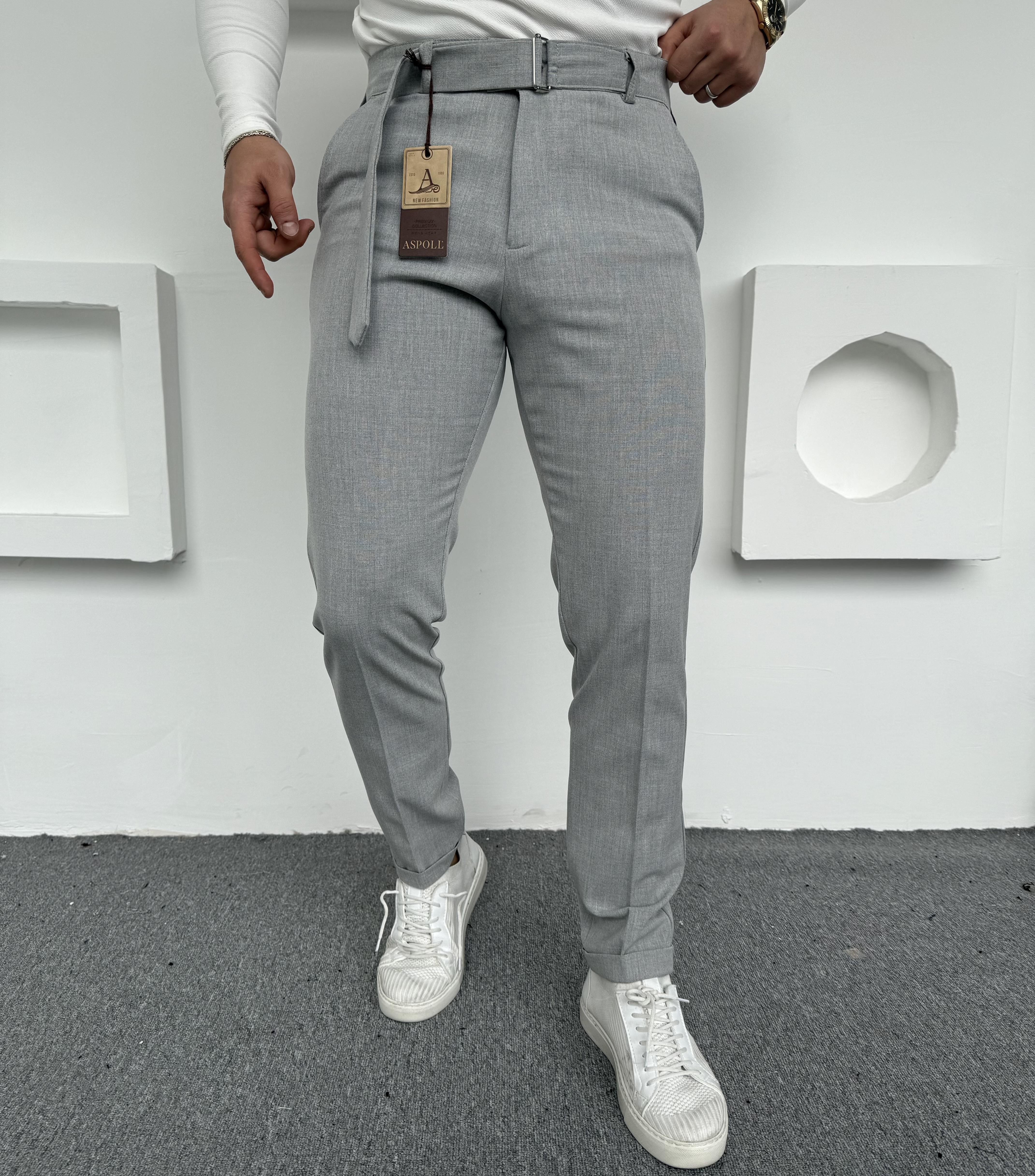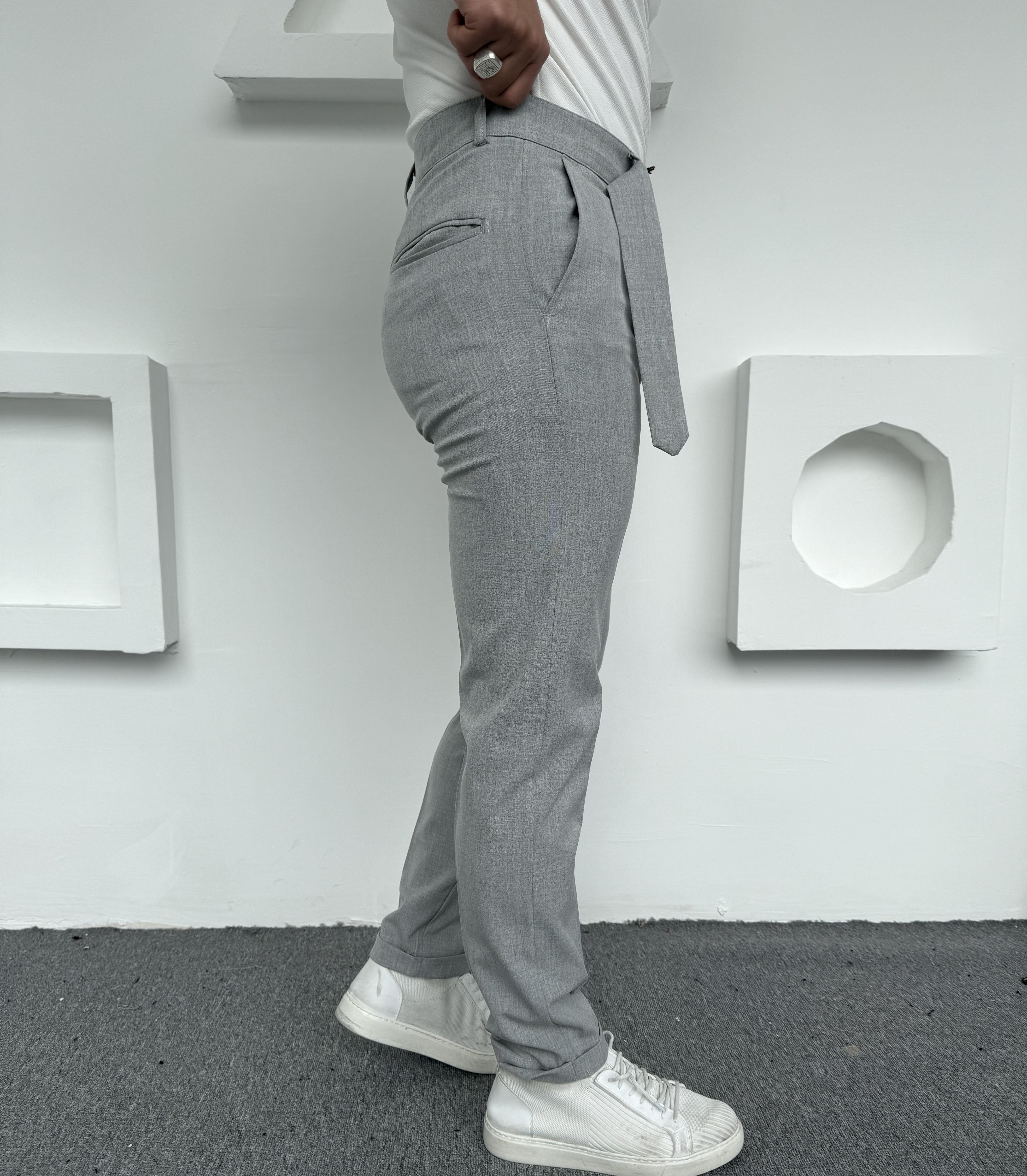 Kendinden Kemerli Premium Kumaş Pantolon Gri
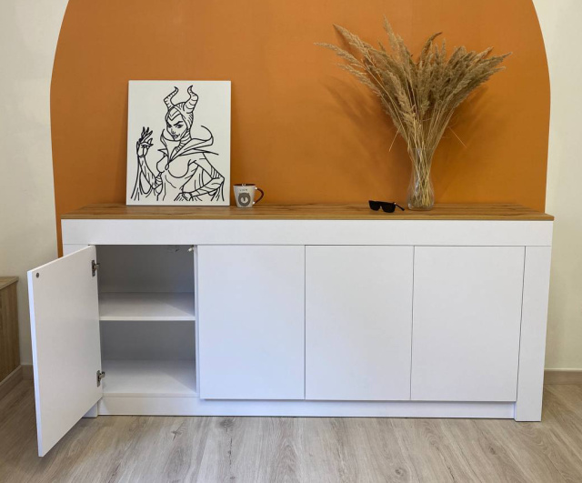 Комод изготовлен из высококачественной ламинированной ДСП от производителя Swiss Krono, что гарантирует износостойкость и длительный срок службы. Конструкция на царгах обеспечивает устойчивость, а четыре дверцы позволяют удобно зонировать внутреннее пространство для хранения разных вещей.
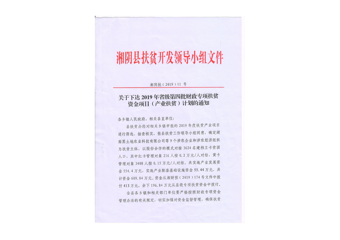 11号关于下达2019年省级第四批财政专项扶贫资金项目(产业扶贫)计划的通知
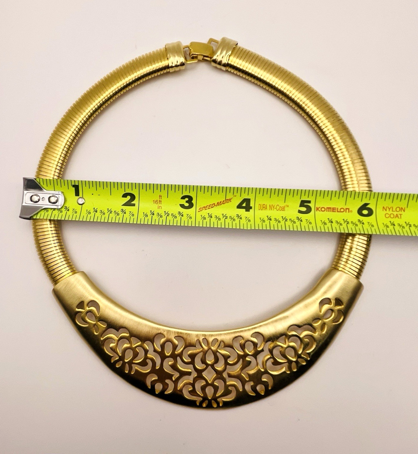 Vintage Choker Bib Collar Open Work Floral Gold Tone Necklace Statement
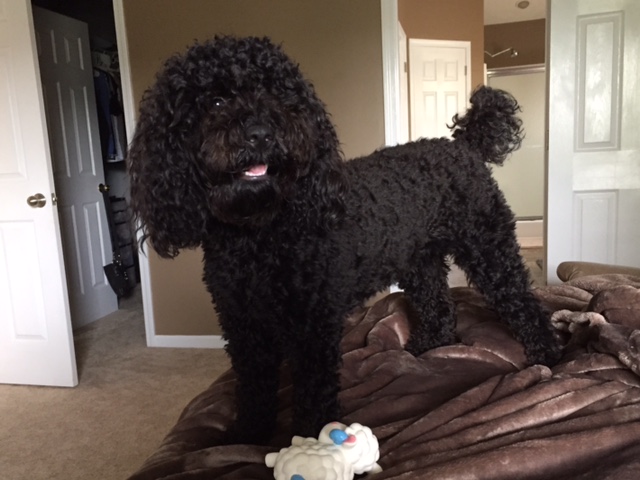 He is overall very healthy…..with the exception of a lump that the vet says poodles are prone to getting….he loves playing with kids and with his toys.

◇ ◇ ◇ ◇

*How to complete this task:* Beginning at the line containing "11号关于下达2019年省级第四批财政专项扶贫资金项目(产业扶贫)计划的通知", restate every line through the end of the material above exactly; omit the pictures.

*Written solution:*
 11号关于下达2019年省级第四批财政专项扶贫资金项目(产业扶贫)计划的通知
 Vintage Choker Bib Collar Open Work Floral Gold Tone Necklace Statement
 He is overall very healthy…..with the exception of a lump that the vet says poodles are prone to getting….he loves playing with kids and with his toys.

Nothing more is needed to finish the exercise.